Top of GIVEN DATA
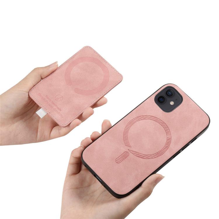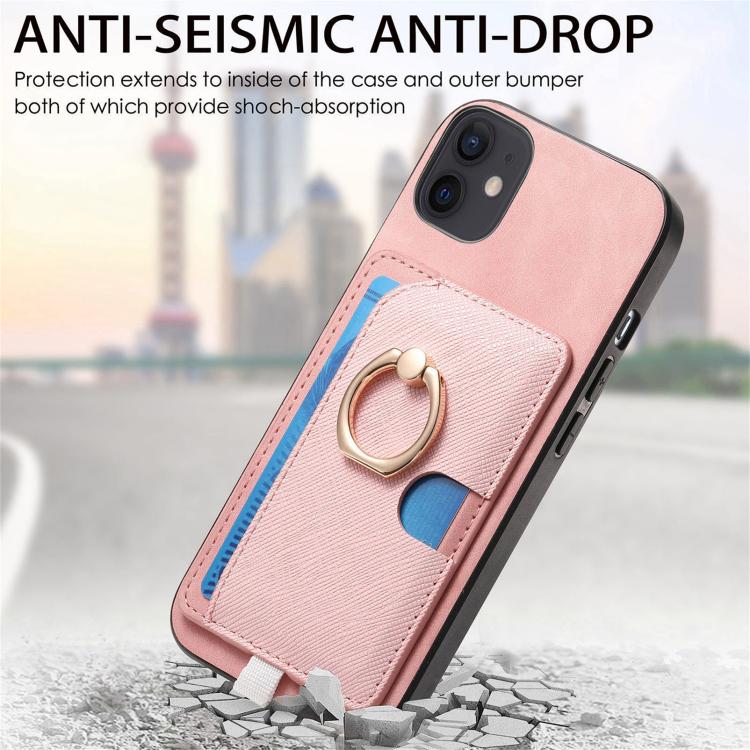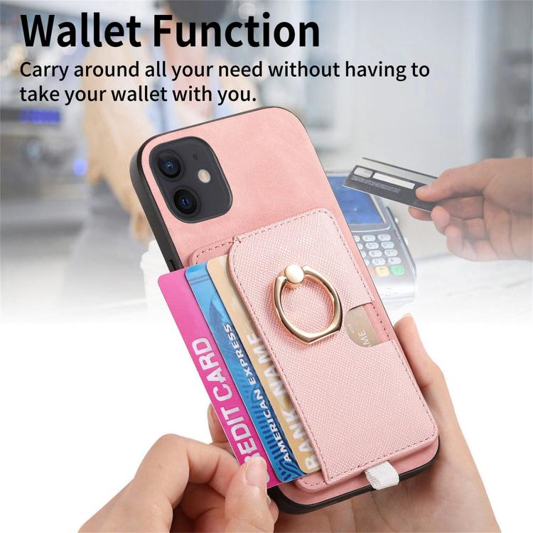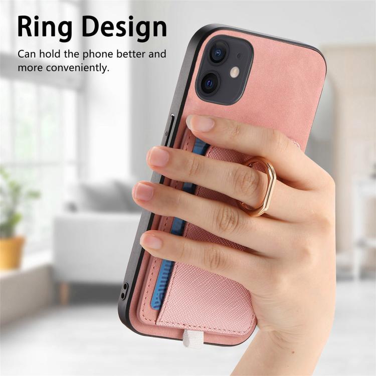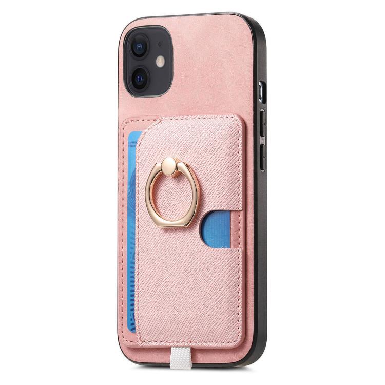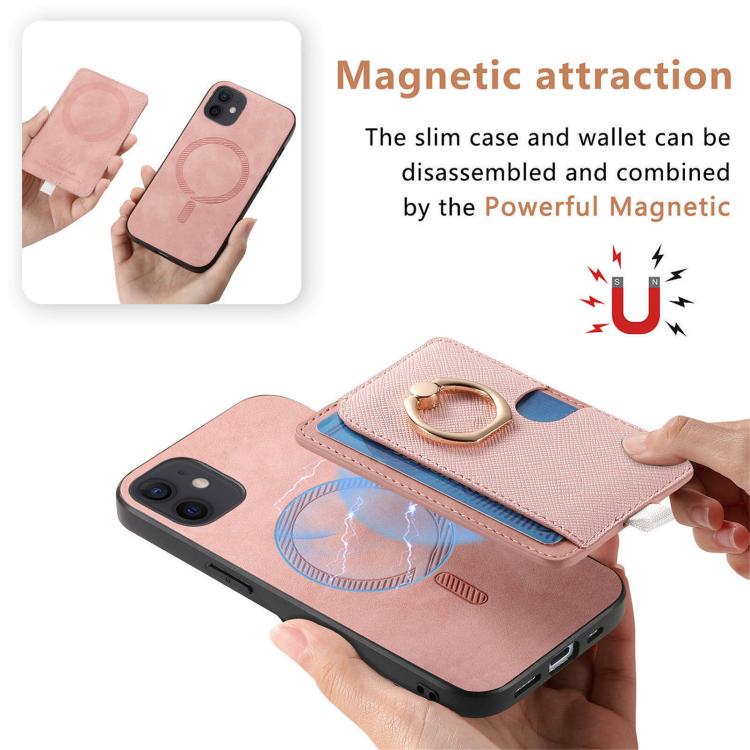 Funda para Teléfono Magsafe Cuero Diseño Retro Cruzado con Ranuras y Anillo Lateral para iPhone 12/12 Pro (Rosa)
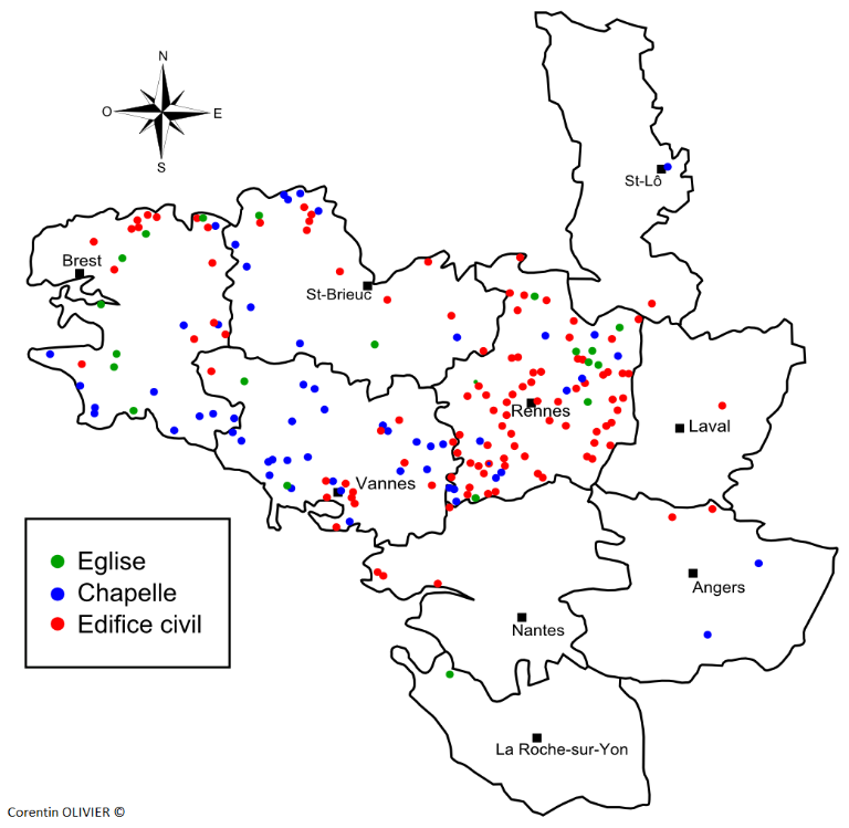D’un point de vu économique, le XVe et le XVIe siècle marquent une période de fort dynamisme. Il est vrai que le duché souffrit moins des désagréments de la guerre qu’une grande partie des régions françaises. La fin du Moyen Âge fut donc favorable à l’essor économique et commercial en Bretagne. Ces deux siècles permirent l’ouverture des campagnes bretonnes qui profita à l’ensemble de la société rurale. D’autant plus que la part des campagnes bretonnes concentre à cette époque l’immense majorité de la population avec une estimation de 93% pour le XVe siècle (CROIX A., 1981, p. 153). A la fin du XIVe siècle et pendant la première moitié du XVe siècle se multiplient les chantiers de constructions, qu’ils soient monumentaux (cathédrales de Quimper, Vannes, Nantes, Saint-Brieuc) ou plus modestes (manoirs, églises, chapelles…). Le travail d’inventaire permet de remarquer qu’un nombre considérable d’édifices sont construits, reconstruits ou aménagés dans le grand ouest de la France à cette période, autant en ville qu’à la campagne. L’essor des manoirs mais aussi des édifices religieux s’inscrit donc dans un contexte de prospérité générale des campagnes et de la société rurale.
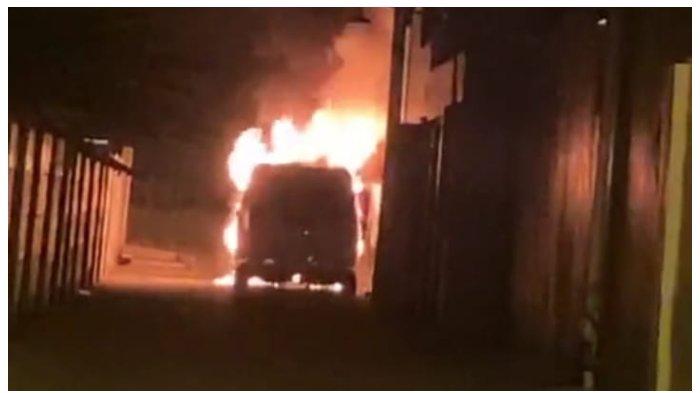 Mobil pedangdut Via Vallen saat terbakar di depan rumahnya, pada Selasa (30/6/2020) dini hari.
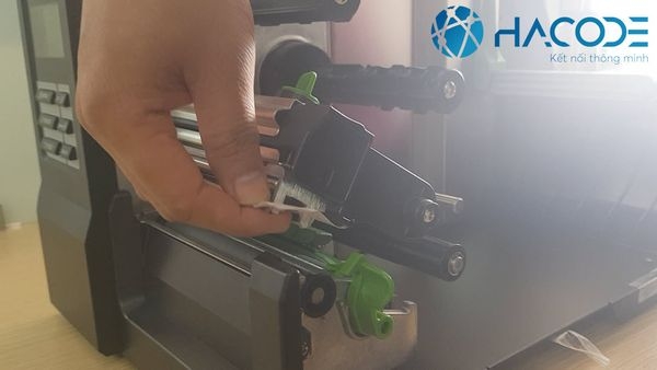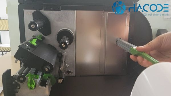 Bước 9: Bạn dựng thanh chặn nhựa lên để giữ cố định cho cuộn đề can. Lưu ý là không để thanh chặn quá sát cuộn đề can, để cuộn đề can có thể dễ dàng được cuốn ra trong quá trình máy in vận hành.
Bottom of GIVEN DATA
■ **WHAT TO WORK ON**
Recopy the full listing exactly, passing over any picture.

■ **RESULT FOR THIS TASK**
 Funda para Teléfono Magsafe Cuero Diseño Retro Cruzado con Ranuras y Anillo Lateral para iPhone 12/12 Pro (Rosa)
D’un point de vu économique, le XVe et le XVIe siècle marquent une période de fort dynamisme. Il est vrai que le duché souffrit moins des désagréments de la guerre qu’une grande partie des régions françaises. La fin du Moyen Âge fut donc favorable à l’essor économique et commercial en Bretagne. Ces deux siècles permirent l’ouverture des campagnes bretonnes qui profita à l’ensemble de la société rurale. D’autant plus que la part des campagnes bretonnes concentre à cette époque l’immense majorité de la population avec une estimation de 93% pour le XVe siècle (CROIX A., 1981, p. 153). A la fin du XIVe siècle et pendant la première moitié du XVe siècle se multiplient les chantiers de constructions, qu’ils soient monumentaux (cathédrales de Quimper, Vannes, Nantes, Saint-Brieuc) ou plus modestes (manoirs, églises, chapelles…). Le travail d’inventaire permet de remarquer qu’un nombre considérable d’édifices sont construits, reconstruits ou aménagés dans le grand ouest de la France à cette période, autant en ville qu’à la campagne. L’essor des manoirs mais aussi des édifices religieux s’inscrit donc dans un contexte de prospérité générale des campagnes et de la société rurale.
 Mobil pedangdut Via Vallen saat terbakar di depan rumahnya, pada Selasa (30/6/2020) dini hari.
 Bước 9: Bạn dựng thanh chặn nhựa lên để giữ cố định cho cuộn đề can. Lưu ý là không để thanh chặn quá sát cuộn đề can, để cuộn đề can có thể dễ dàng được cuốn ra trong quá trình máy in vận hành.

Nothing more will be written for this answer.